Upset plot可以将共同出现的变量排列成集合,并展示它们的频率的柱状图。诀窍在于,它试图让你很容易看到组成集合的元素。 弥补了种类太多而Venn图展示不充分的局限性。
特点主要有:
使用感知上有效的视觉编码,也就是说,使之容易准确地阅读数据。
不仅要使交叉点可视化,还要使交叉点的组合可视化(例如,涉及两个特定集合的所有交叉点)。
可视化关于交叉点的属性。有趣的不仅仅是一个交叉点的大小,我们还想知道与交叉点相关的数据是否不同或相似。
在R中可以UpSetR实现
安装
Install the latest released version from CRAN
install.packages("UpSetR")
Download the latest development code of UpSetR from GitHub using devtools with
devtools::install_github("hms-dbmi/UpSetR")
例子
movies <- read.csv( system.file("extdata", "movies.csv", package = "UpSetR"), header=T, sep=";" )

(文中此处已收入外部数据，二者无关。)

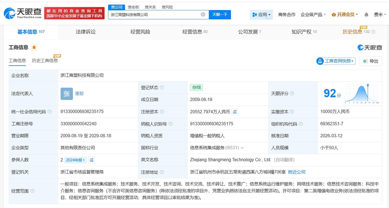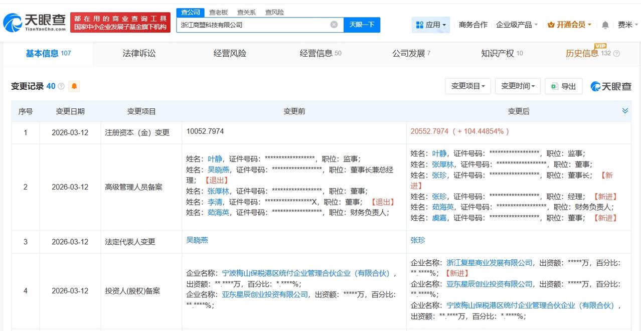 复星集团旗下商盟科技增资至约2.1亿 复星集团入股商盟科技完成工商变更 天眼查工商信息显示,近日,浙江商盟科技有限公司发生工商变更,新增复星集团旗下浙江复星商业发展有限公司为股东,注册资本由约1亿人民币增至约2.1亿人民币,增幅约104%,吴晓燕卸任法定代表人、董事长兼总经理,张珍接任法定代表人、董事长、经理。 浙江商盟科技有限公司成立于2009年8月,经营范围包括信息系统集成服务、信息系统运行维护服务、网络技术服务等。股东信息显示,该公司现由亚东星辰创业投资有限公司、宁波梅山保税港区统付企业管理合伙企业(有限合伙)及上述新增股东共同持股。 据媒体报道,此前复星国际发布公告称,其拟以现金1.05亿元认购商盟科技新增注册资本,成为商盟科技的最大股东。 天眼查信息:

mutations <- read.csv( system.file("extdata", "mutations.csv", package = "UpSetR"), header=T, sep = ",")
Movie数据集由GroupLens实验室创建,由Bilal Alsallakh策划,突变数据集最初由TCGA联盟创建,代表了多形性胶质母细胞瘤队列中100个突变最多的基因。
upset(movies,attribute.plots=list(gridrows=60,plots=list(list(plot=scatter_plot, x="ReleaseDate", y="AvgRating"),
list(plot=scatter_plot, x="ReleaseDate", y="Watches"),list(plot=scatter_plot, x="Watches", y="AvgRating"),
list(plot=histogram, x="ReleaseDate")), ncols = 2))
upset(mutations, sets = c("PTEN", "TP53", "EGFR", "PIK3R1", "RB1"), sets.bar.color = "#56B4E9",
order.by = "freq", empty.intersections = "on")
一个使用两组查询(战争电影和黑色电影)的例子,以及比较平均评分(顶部)和平均评分与电影被观看次数(底部)的属性图。
upset(movies, attribute.plots=list(gridrows = 100, ncols = 1,
plots = list(list(plot=histogram, x="AvgRating",queries=T),
list(plot = scatter_plot, y = "AvgRating", x = "Watches", queries = T))),
sets = c("Action", "Adventure", "Children", "War", "Noir"),
queries = list(list(query = intersects, params = list("War"), active = T),
list(query = intersects, params = list("Noir"))))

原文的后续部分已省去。